The purpose of this study is to evaluate the safety and tolerability of CDNF and the implanted drug delivery system. A potential positive treatment effect on the symptoms of Parkinson’s disease will be evaluated, however, it is not known if the study patients will have any benefit from the treatment. Data from this study may in the future benefit people with Parkinson’s.

After the study concludes

The study doctor will discuss the best care for patients in a timely manner before the end of the study. Patients will be informed about the options available for optimal treatment of their condition. The drug delivery device port behind the ear will be removed. The implanted drug delivery system will be left in place in the brain, unless otherwise decided by the study doctor or at the patient’s request.

What happens if relevant new information becomes available during the trial?

The study doctor and the sponsor are obliged to inform the patients if any new information emerges during the study which could affect patients’ decision to take part or continue. The study doctor will discuss such information with the patients, and may possibly decide that it is best for a patient to withdraw from this study.

How is personal data handled?

All study data are confidential and will be processed using only a code number. The study doctor will keep a code list in which the patients’ code numbers are linked to personal details, such as name and date of birth.
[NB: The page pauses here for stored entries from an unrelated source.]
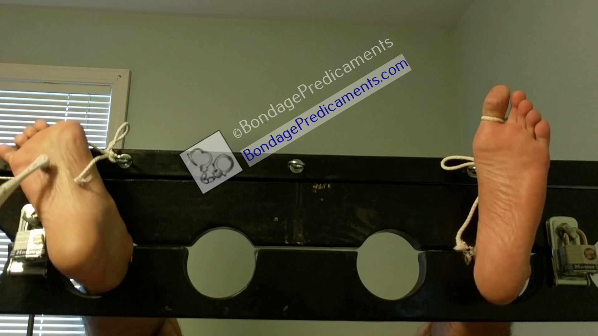 I laid this sub down on the bench suspended above the floor, then chained his wrists under the bench and locked his feet in the stocks. Since I know just how ticklish this sub is, I figured...Why waste a golden opportunity? So I took some thin rope and tied his big toes back to eyebolts in the bondage wall. Now his bare, uber-ticklish feet were exposed to whatever sadistic whims I could come up with. <evil grin!>
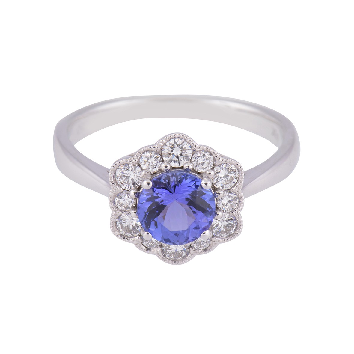 18ct white gold 6mm round brilliant tanzanite and 0.40ct round brilliant diamond cluster
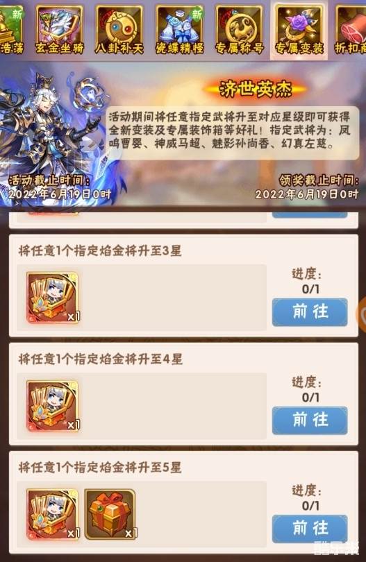 活动期间将任意1个指定济世英杰武将(凤鸣曹婴、神威马超、魅影孙尚香、幻真左慈)升至对应星级即可获得全新玄金将Q萌版变装和专属头像框气泡框好礼!
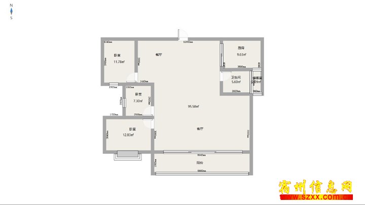 - 首钢首御110平方三室两厅 三开间朝南户型
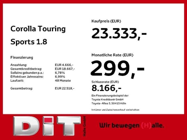 Voor zakelijke klanten bieden wij optioneel een financial lease oplossing en voor particuliere klanten een persoonlijke lening. Met onderstaande module kunt u uw maandbedrag berekenen voor het financieren van bovenstaande Toyota Corolla.
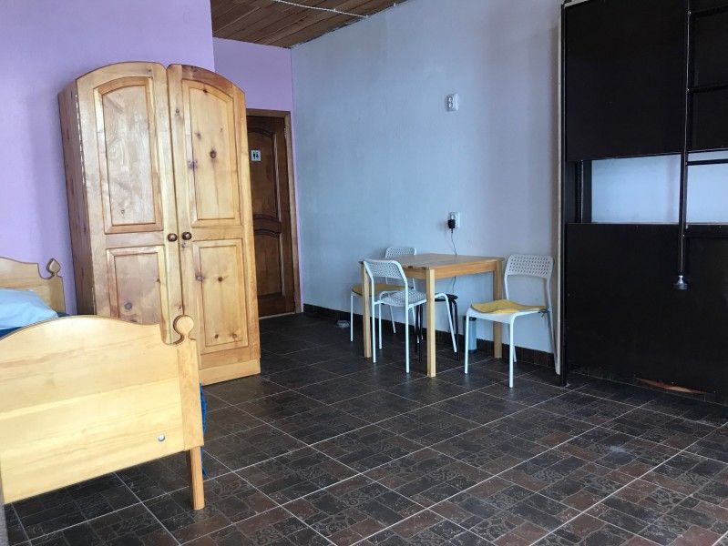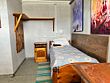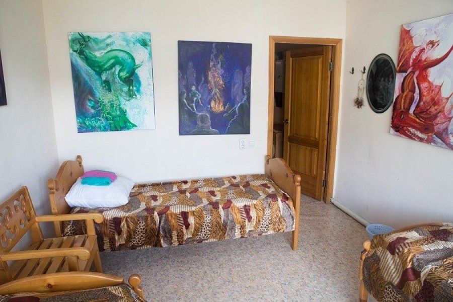 Трехместный номер класса эконом расположен на втором этаже гостевого дома. В комнате три кедровые кровати, белое белье, полотенца. Тумбочка и полки для одежды, стол. Туалет рядом с комнатой. В других комнатах на этаже есть свои туалеты. Душ на первом этаже. Стены украшены картинами американской художницы К. Хилтон. Можно воспользоваться общей кухней или заказать питание.
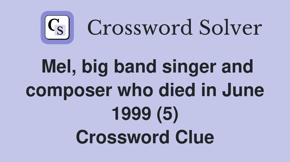 Mel big band singer and composer who died in June 1999 (5) Crossword
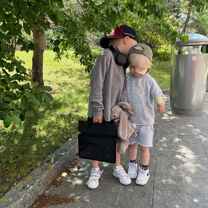 Storebror August och lillebror innan de säger hejdå för att separeras i ca 12 veckor under Olivers benmärgstransplantation.
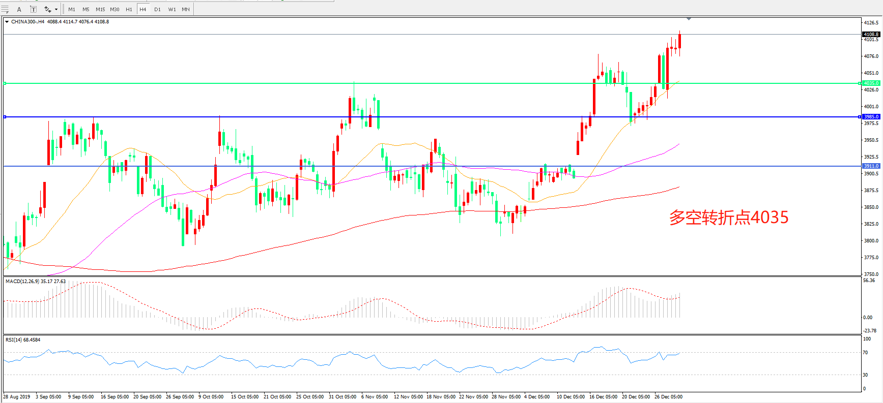 4小时图看,沪深长阳拉升,再创新高,整体表现十分强势,均线系统呈多头排列,MACD红柱增加,RSI指标向上,日内延续上行概率较大。

The study results may be published in medical journals and presented in scientific conferences, meetings and seminars. However, the identity of patients will not be revealed in any such report or presentation. For specific purposes, information may be transferred to regulatory authorities and to organizations cooperating with the study sponsor.
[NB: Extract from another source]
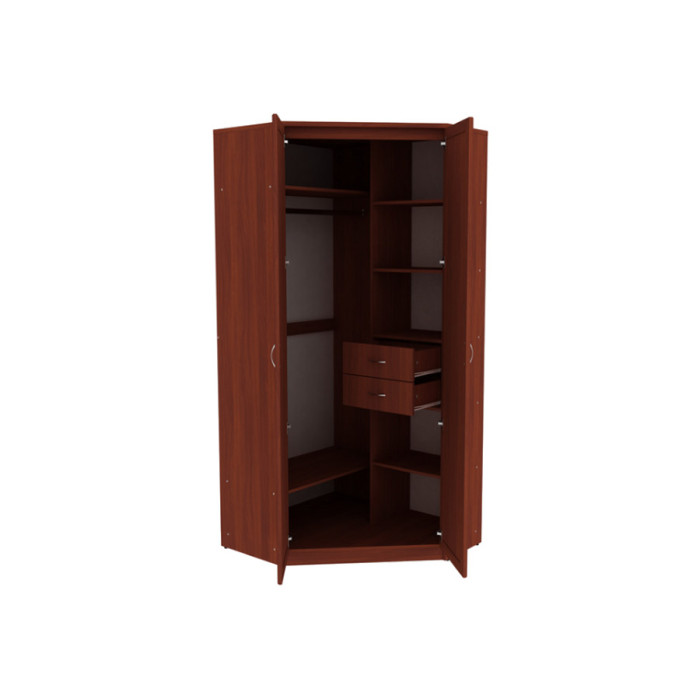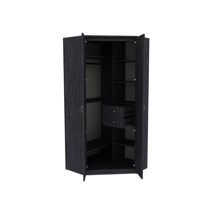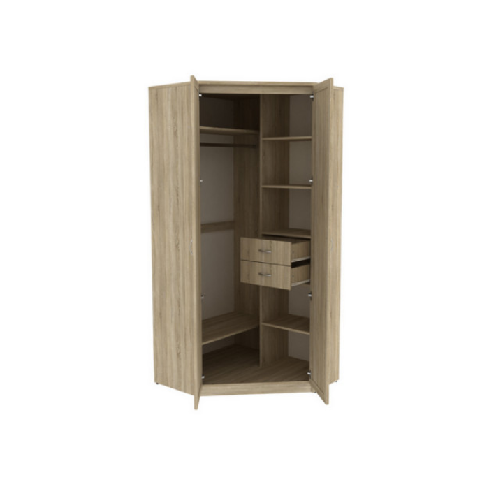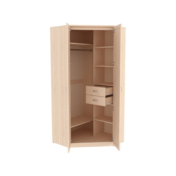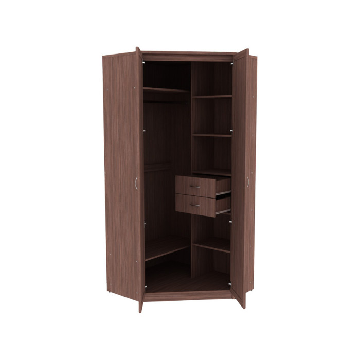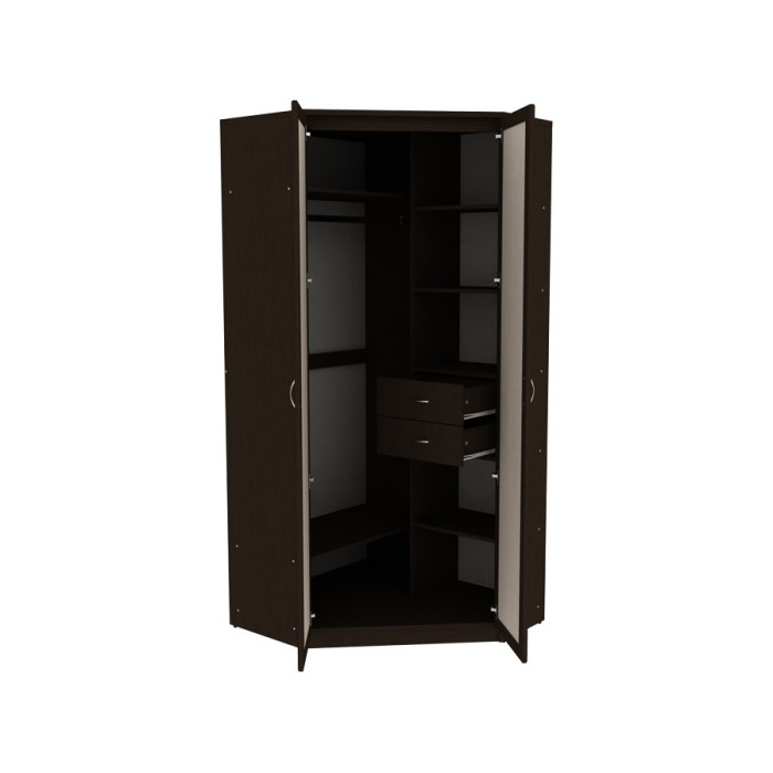 практичное хранение — внутреннее наполнение модели представлено и штангой для вешалок, и секцией с полками, и парой выдвижных ящиков.
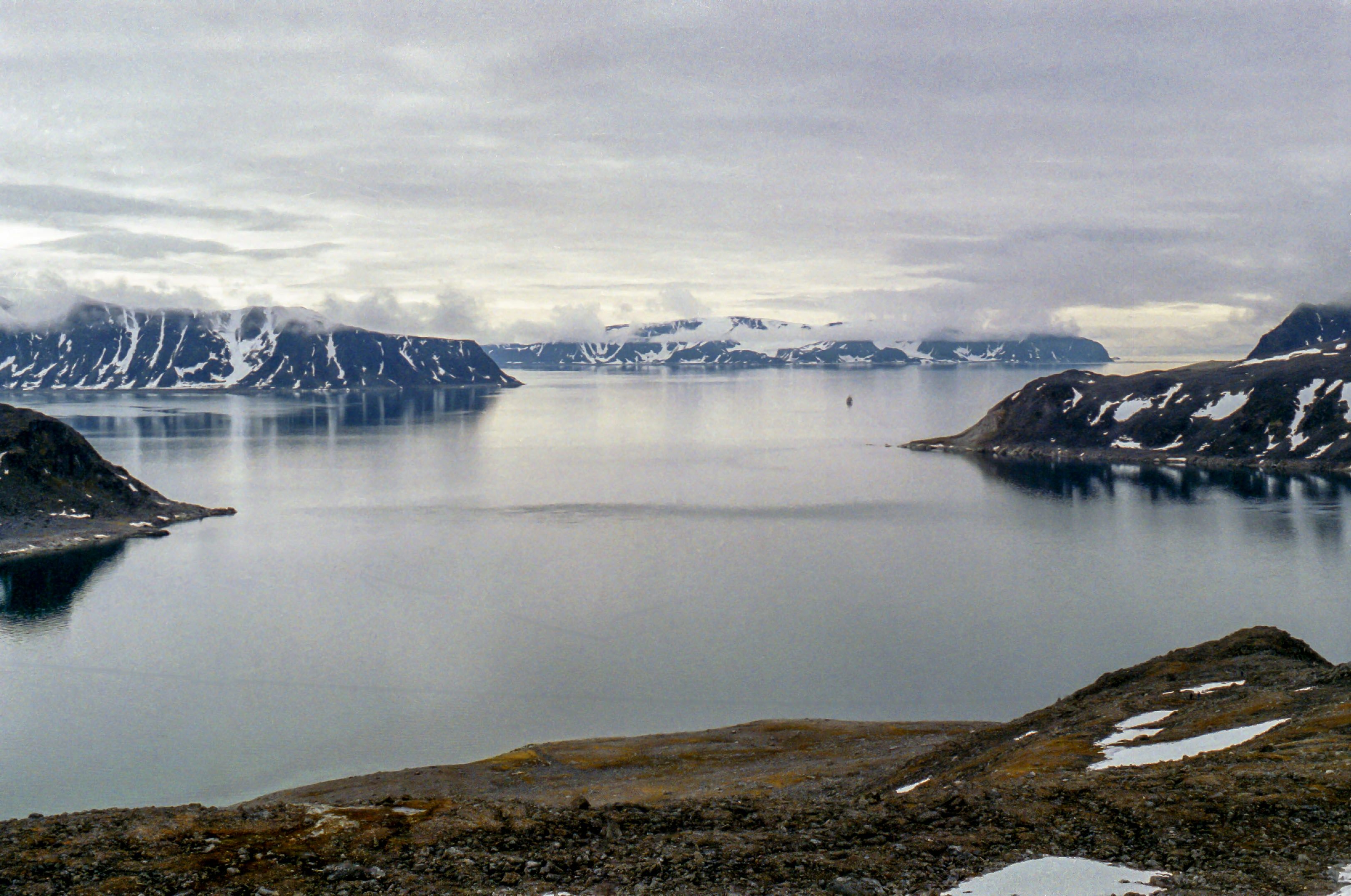 „Wie eine blaugrüne Ader schneidet das Meer zwischen Fels und Eis ein. Grosse Gletscher mit weissen und eisblauen gähnenden Spalten senken sich zur blaugrünen Fläche herab. Schwarzblaue Berge türmen sich zwischen den Gletschern höher und höher empor und verschwinden weit landeinwärts in der Nebelkappe, die sich über die Gipfel wälzt.“

Descriptions of the Main and Extension studies are available in the database (Main study NCT03295786, Extension study NCT03775538). This website will not have information that could identify the study participants but will include a brief summary of the study results. This site shows information only in English, but patients can contact the study staff at any time to ask about the publicly available information in patients’ own language.
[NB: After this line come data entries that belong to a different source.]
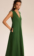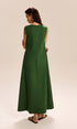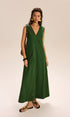 Keten Ve Pamuklu Cepli V Yaka Uzun Elbise
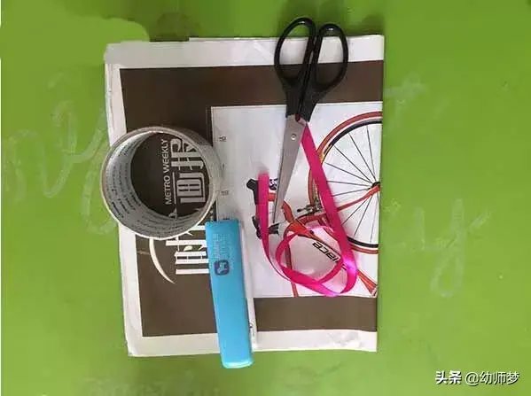 手工材料:报纸、透明胶带、剪刀、丝带、订书机
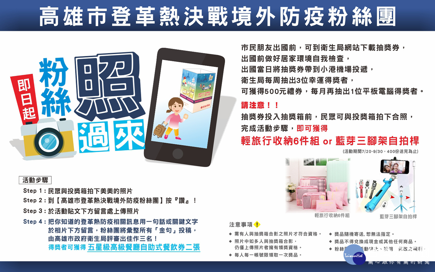 為喚起市民的防疫意識及警覺度,近期高雄市決戰境外加強防疫措施,臉書成立登革熱決戰境外防疫粉絲團,即日起至8月31日推出「粉絲拍美照」、「防疫金句」活動,邀請市民朋友出國前至家裡附近的衛生所(或衛生局網頁下載)索取抽獎券,完成居家環境檢查,出國當日於小港機場出境大廳的抽獎箱投入抽獎券前,與抽獎箱拍下合照,完成後至粉絲團按讚及於活動貼文下方留言處上傳照片,即可獲得輕旅行收納6件組或藍芽自拍桿;並可把您知道的登革熱防疫相關訊息用一句話或關鍵文字於相片下留言,粉絲團將彙整所有「金句」投槁,衛生局評審出佳作三名,每人獲得五星級高級餐廳自助式餐飲券2張。
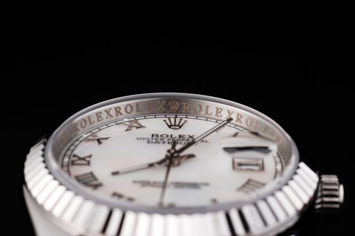 Back: Push in stainless steel back with green Rolex sticker and markings

If a patient decides to leave the study prematurely, the data that has been collected before the withdrawal of the consent will be used in the evaluation of the study.

Patients have the right to obtain once a year, free of charge, details of what personal information has been recorded about them, from where the information has been obtained and how it has been disclosed. Patients also have the right to request that any incorrect information is corrected. All patients are encouraged to talk to the study doctor if any erroneous information is noticed.

In order to confirm that the study has been duly conducted and to confirm the data collected about patients is correct, certain authorised people may have access to the medical records of the patients of the study. An authorised representative of the regulatory authority or the ethics committee may require access to the patients medical records in order to verify that the study has been duly carried out.


As in routine national healthcare, patients participating in this study are covered by the national patient insurance. The study sponsor has taken an insurance to cover the expenses of any damages that are considered to result from the patients’ participation in the study. Patients should contact their study doctor if they believe they have suffered an injury as a result of their participation in this study.

Financial compensation

The hospital has received funding from the European Commission to perform this study. All patients’ participation costs will be covered, including travel to appointments and possible losses of income for the time spent at the study visits.